The original method by Chen L (2004) not only estimated directional and stabilizing selection pressure in a codon-wise fashion, but also included a significance criterion for directional selection. Here we slightly extend the method to also allow for significance assessment for stabilizing selection. The extended method is then applied to gp120 of subtype B and of the East Asian variant B', and results discussed in terms of the structure of gp120. Finally, we analyze codons that have a increased values of ka/ks in B' compared to B. These patterns show an interesting distribution in the structure of gp120, and we find a statistical association of glycosylation sites with these codons.

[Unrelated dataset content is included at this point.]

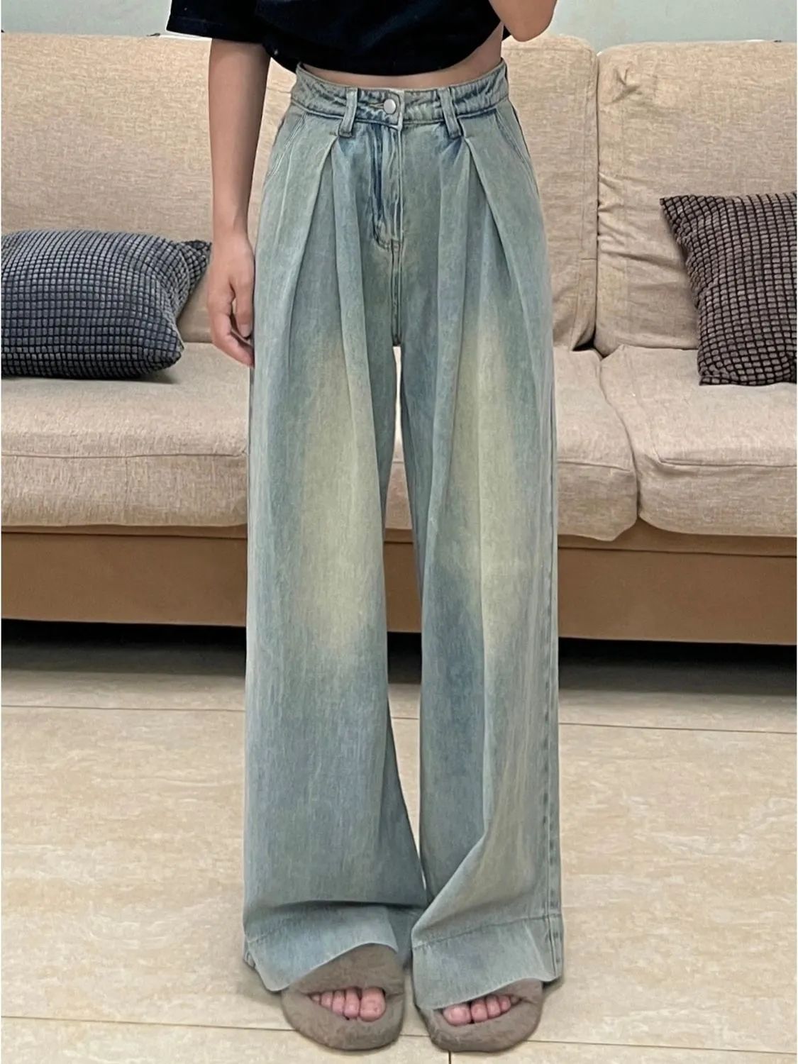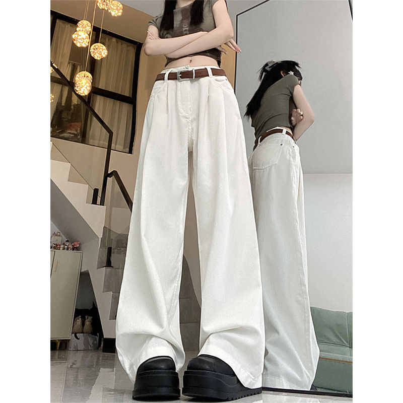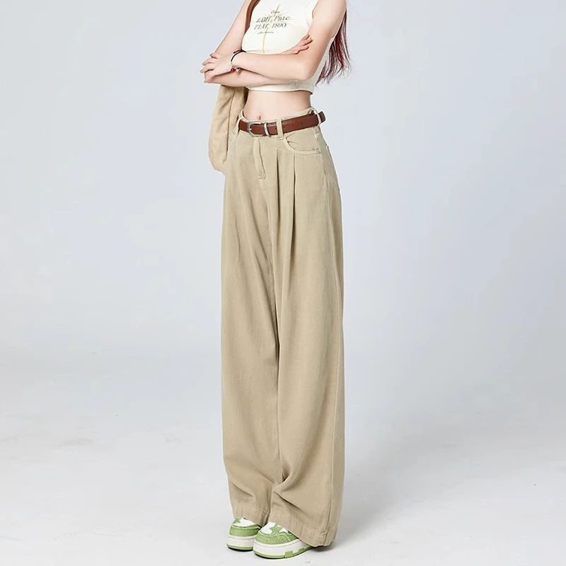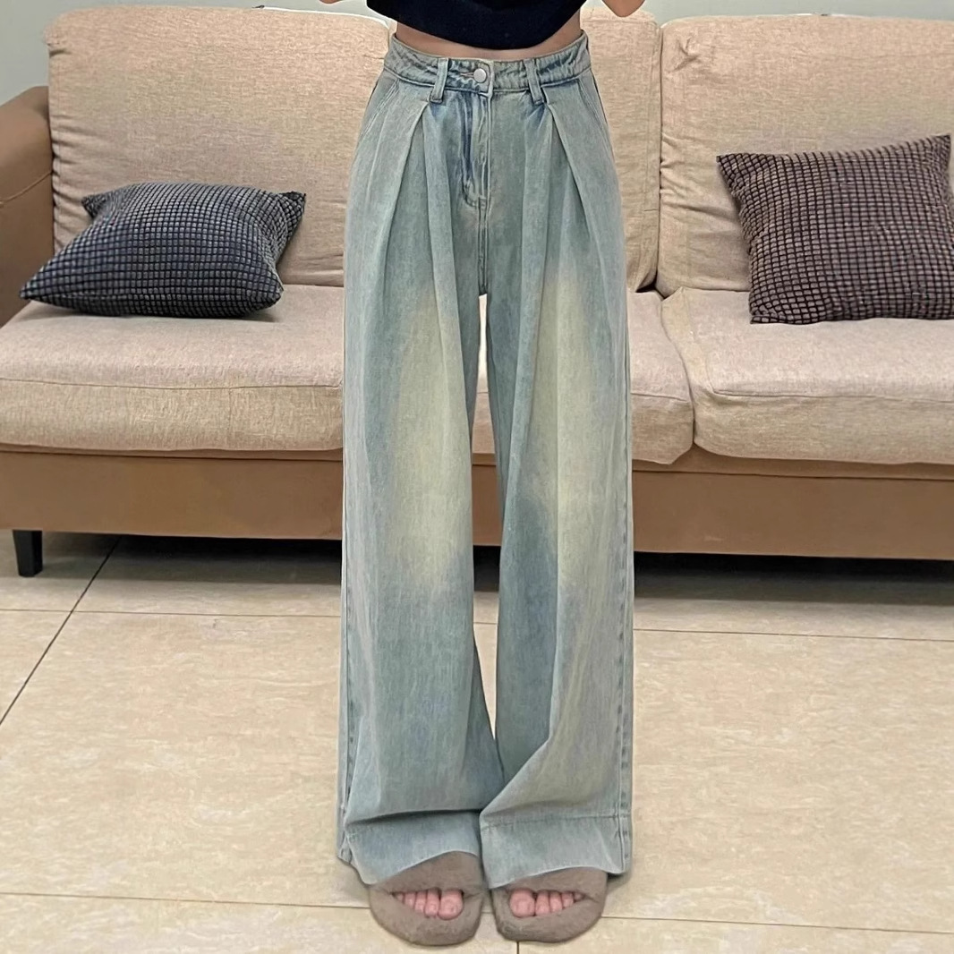 여성용 아메리칸 플리츠 와이드 레그 청바지 2025 새로운 디자인 루즈하고 슬림한 하이웨이스트 스트레이트 바닥 길이 바지스토어 가기

Differential selection in HIV-1 gp120 between subtype B and East Asian variant B'
- Received Date: 06 October 2013
- Accepted Date: 20 November 2013
- Published Date: 16 January 2014
Abstract: HIV-1 evolves strongly and undergoes geographic differentiation as it spreads in diverse host populations around the world. For instance, distinct genomic backgrounds can be observed between the pandemic subtype B, prevalent in Europe and North-America, and its offspring clade B' in East Asia. Here we ask whether this differentiation affects the selection pressure experienced by the virus. To answer this question we evaluate selection pressure on the HIV-1 envelope protein gp120 at the level of individual codons using a simple and fast estimation method based on the ratio ka/ks of amino acid changes to synonymous changes. To validate the approach we compare results to those from a state-of-the-art mixed-effect method. The agreement is acceptable, but the analysis also demonstrates some limitations of the simpler approach. Further, we find similar distributions of codons under stabilizing and directional selection pressure in gp120 for subtypes B and B' with more directional selection pressure in variable loops and more stabilizing selection in the constant regions. Focusing on codons with increased ka/ks values in B', we show that these codons are scattered over the whole of gp120, with remarkable clusters of higher density in regions flanking the variable loops. We identify a significant statistical association of glycosylation sites and codons with increased ka/ks values.